Based on the above data, if you are building an application that is READ HEAVY, consider using the eruZero map, which is specifically designed for static reading with occasional removals. If you are building an application similar to the EXCHANGE test, consider using ArrayHashMap, which has excellent removal performance and almost instant iteration over the entire map (not tested here). Zig's HashMap is great for growing and reading small volumes under 1M entries. In general, eruZero completed four tests in the least amount of time.

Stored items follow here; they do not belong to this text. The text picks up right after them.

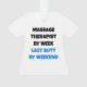 Ce design de texte avec l'expression "Massage Therapist by Week Lazy Butt by Weekend" est parfait pour toute personne qui est un massothérapeute travailleur toute la semaine mais un cul paresseux une fois le week-end roulé autour.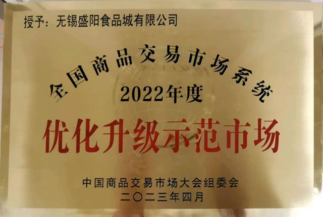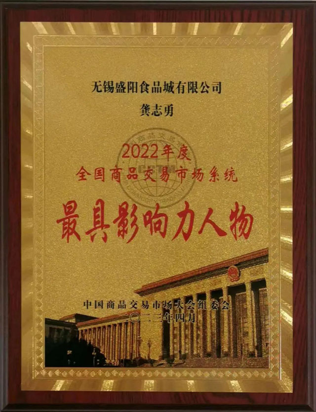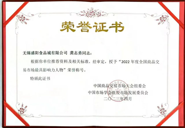 在先進典型展播環(huán)節(jié),大會授予無錫盛陽食品城有限公司《2022年度全國商品交易市場系統(tǒng)優(yōu)化升級示范市場》榮譽,盛陽董事長龔志勇更是獲得《2022年度全國商品交易市場系統(tǒng)最具影響力人物》殊榮。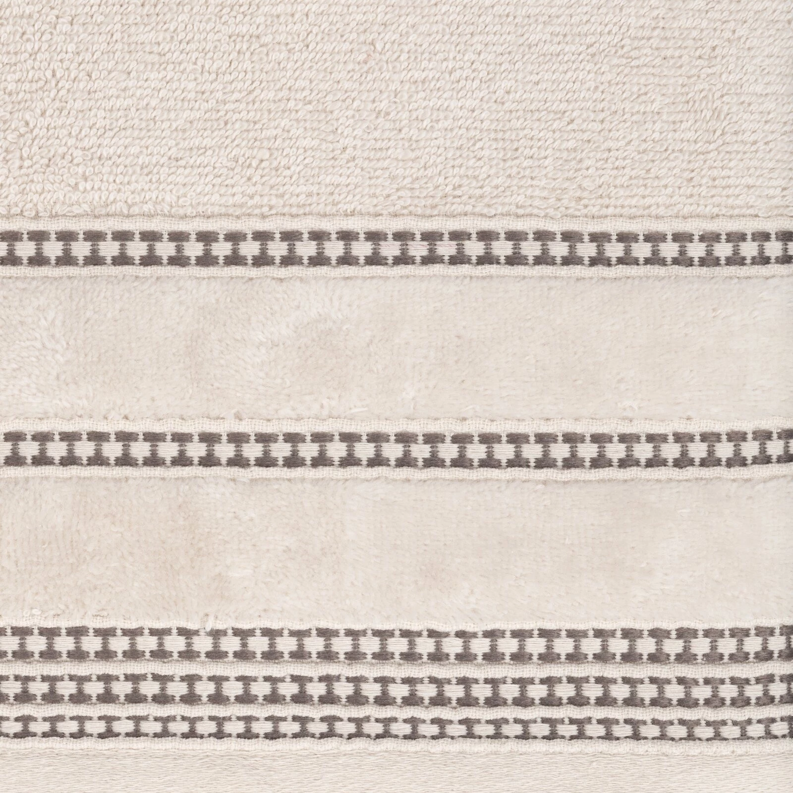 Ręcznik z ozdobną, welurową bordiurą w pasy szerokość: 30 cm, długość: 50 cm, kolor: beżowy, Gramatura: 500 GSM, Skład: 100% bawełna; część ozdobna: 100% poliester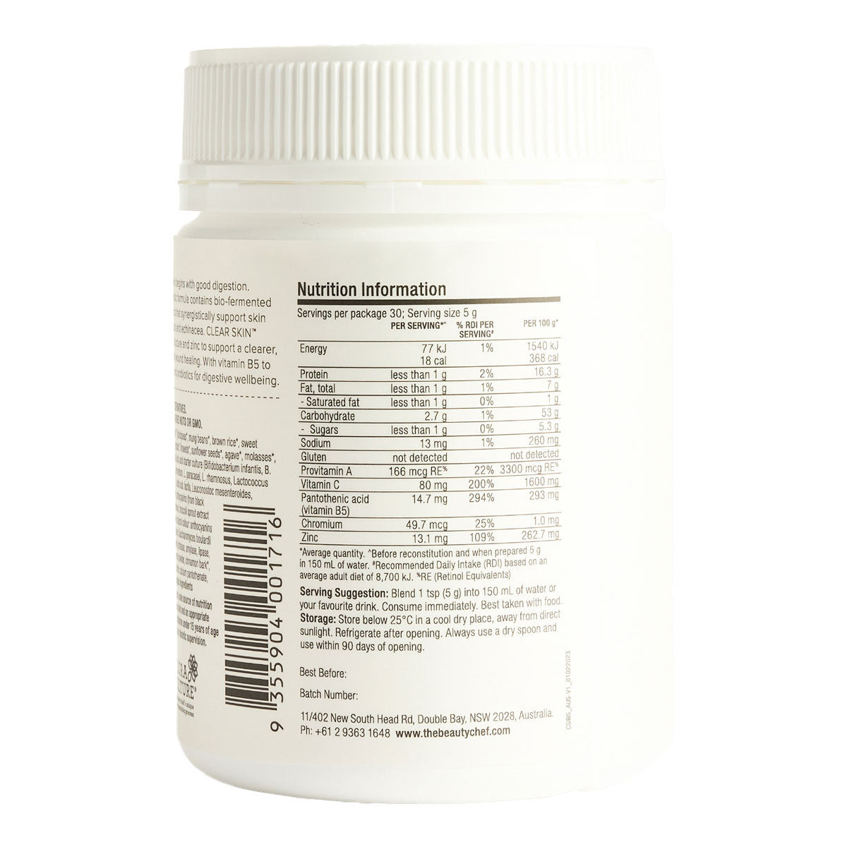 The Beauty Chef CLEAR SKIN Inner Beauty Support is a daily beauty powder with a delicious apple-cinnamon flavour. CLARIFY Inner Beauty Support is made with certified organic wholefoods and extracts including herbal ingredients broccoli sprout, burdock, dandelion and echinacea.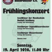 Das Isselburger Blasorchester lädt herzlich zum Frühlingskonzert am Sonntag, 19. April 2026, um 11.00 Uhr in die Stadthalle Werth ein. Freuen Sie sich auf ein abwechslungsreiches Konzertprogramm mit den IsselBläsern der Musikschule Bocholt-Isselburg, dem Isselburger Jugendblasorchester und dem Isselburger Blasorchester. Der Eintritt ist frei.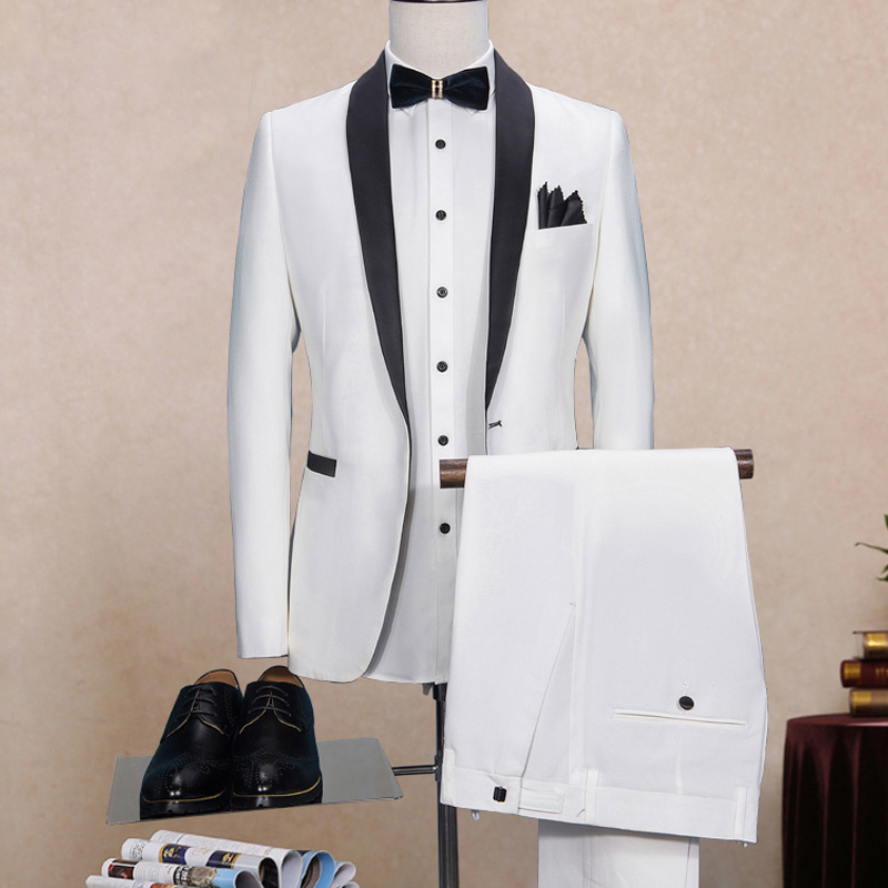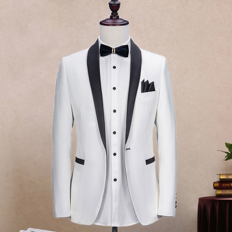 White Wedding Men Suits Black Shawl Lapel Two Piece One Button Single Breasted Wedding Groom Tuxedos (Jacket + Pants)

If you do not want external dependencies, you should still consider using Zig's excellent ArrayHashMap in your projects, which is an overall better alternative to Zig's HashMap. ArrayHashMap is somewhat underestimated in Zig's community (as it seems, scavenging the GitHub data) because it grows slower than std:HashMap and because of popular synthetic tests, usually consisting of grow-clear-put_again-get-iterate-remove sequence or similar, used to benchmark hashmaps. And somehow it got into people's heads that the map that runs the sequence faster is better. In fact, the ArrayHashMap will not come out on top in such synthetic tests. However, tests that do not measure the hashmap's performance by the number of deleted entries it holds at runtime cannot tell the whole truth.